#### What the task asks:
Every line from the one holding "If the reference" through the last line of the records must be retyped exactly, and no other line or picture may appear in the copy.

#### Information shown:
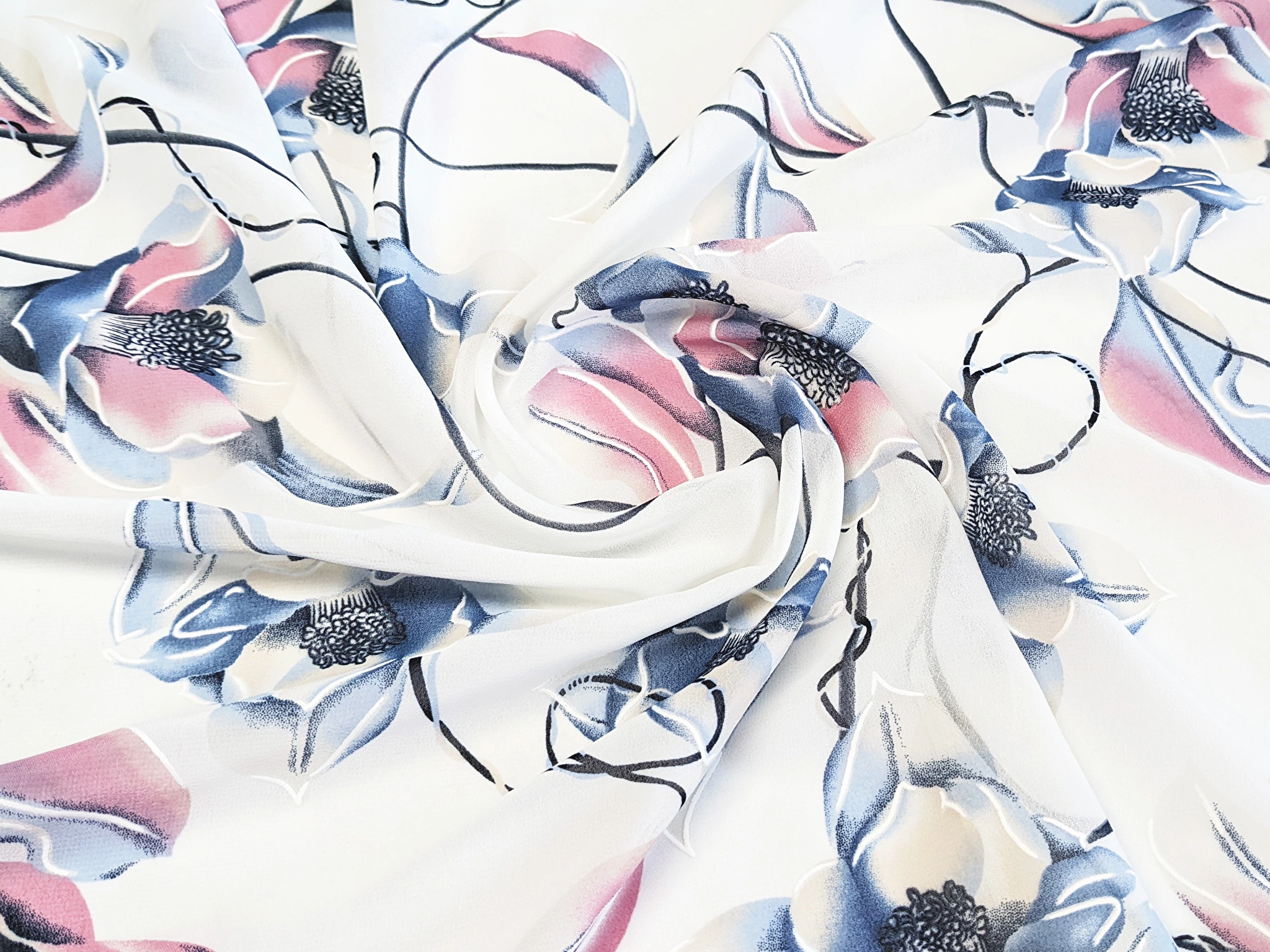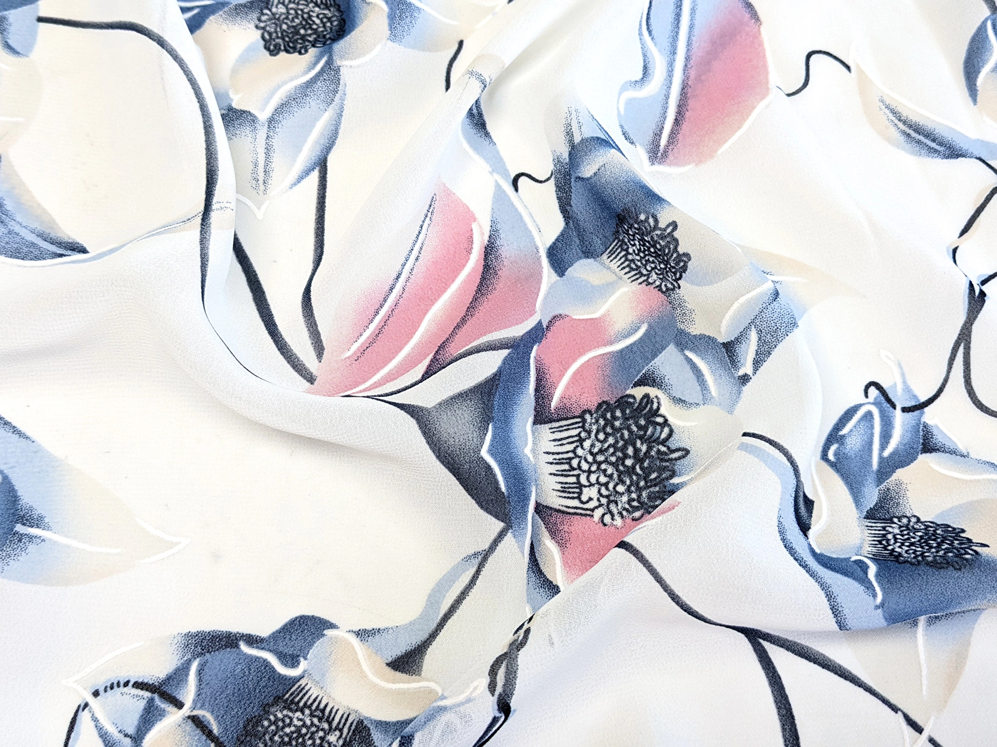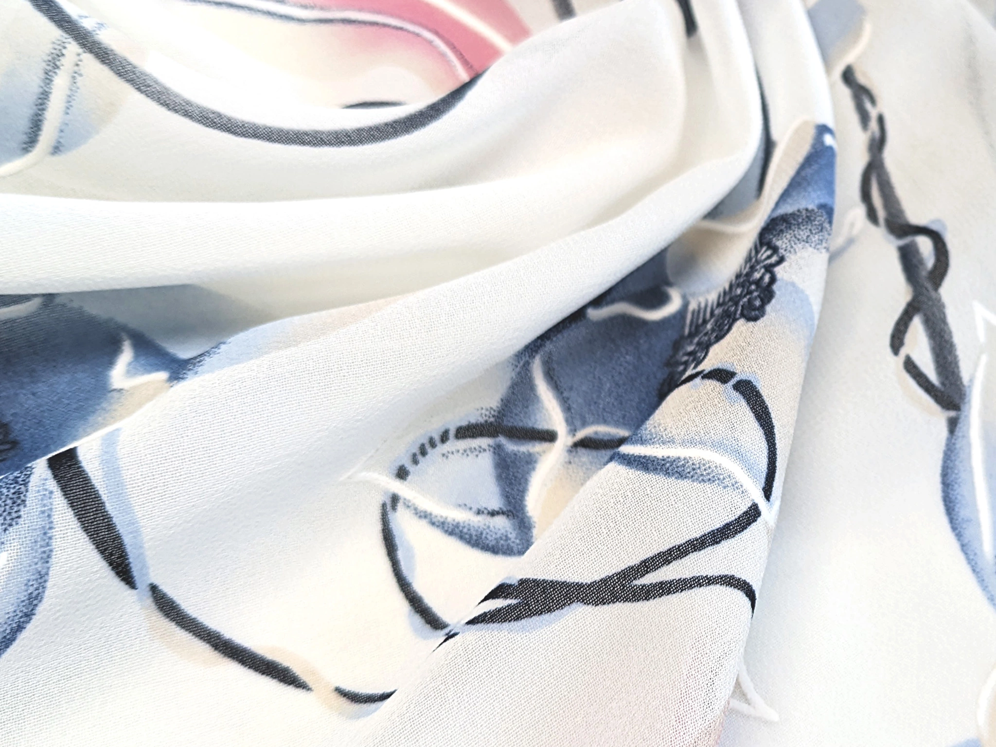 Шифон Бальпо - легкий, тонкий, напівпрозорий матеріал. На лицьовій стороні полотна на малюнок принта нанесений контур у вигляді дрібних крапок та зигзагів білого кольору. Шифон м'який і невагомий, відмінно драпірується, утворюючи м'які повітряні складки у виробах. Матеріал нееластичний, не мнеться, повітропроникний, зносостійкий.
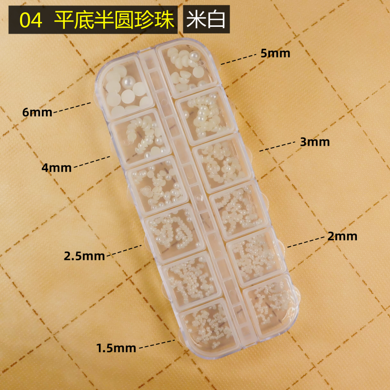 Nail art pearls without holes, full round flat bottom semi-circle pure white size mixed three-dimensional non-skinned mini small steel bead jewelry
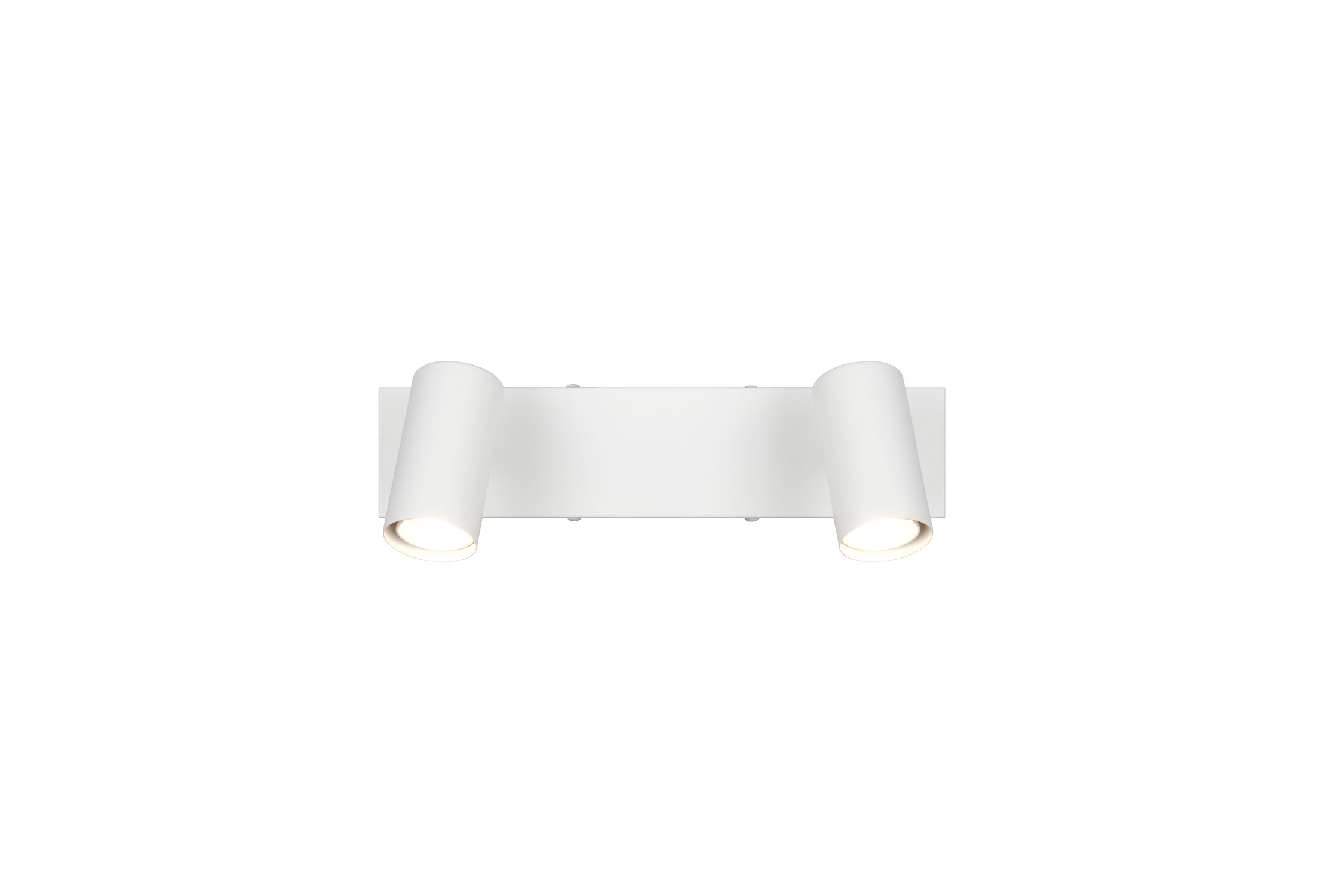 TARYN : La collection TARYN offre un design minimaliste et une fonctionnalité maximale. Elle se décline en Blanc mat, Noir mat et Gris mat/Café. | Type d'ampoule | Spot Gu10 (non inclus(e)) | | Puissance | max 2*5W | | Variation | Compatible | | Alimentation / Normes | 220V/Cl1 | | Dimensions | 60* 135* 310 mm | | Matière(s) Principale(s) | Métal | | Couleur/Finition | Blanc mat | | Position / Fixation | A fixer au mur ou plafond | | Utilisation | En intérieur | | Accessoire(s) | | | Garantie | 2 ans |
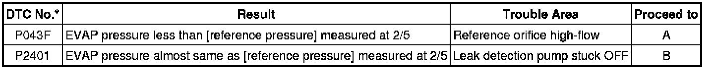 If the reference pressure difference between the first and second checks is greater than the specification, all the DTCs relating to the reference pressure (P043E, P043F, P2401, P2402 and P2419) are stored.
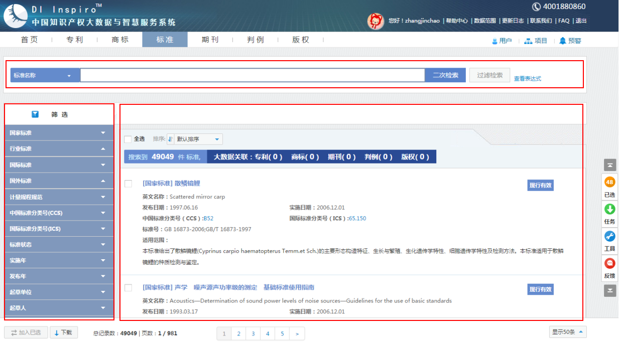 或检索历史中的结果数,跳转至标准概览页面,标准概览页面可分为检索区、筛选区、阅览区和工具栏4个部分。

#### Answer for the task:
 If the reference pressure difference between the first and second checks is greater than the specification, all the DTCs relating to the reference pressure (P043E, P043F, P2401, P2402 and P2419) are stored.
 或检索历史中的结果数,跳转至标准概览页面,标准概览页面可分为检索区、筛选区、阅览区和工具栏4个部分。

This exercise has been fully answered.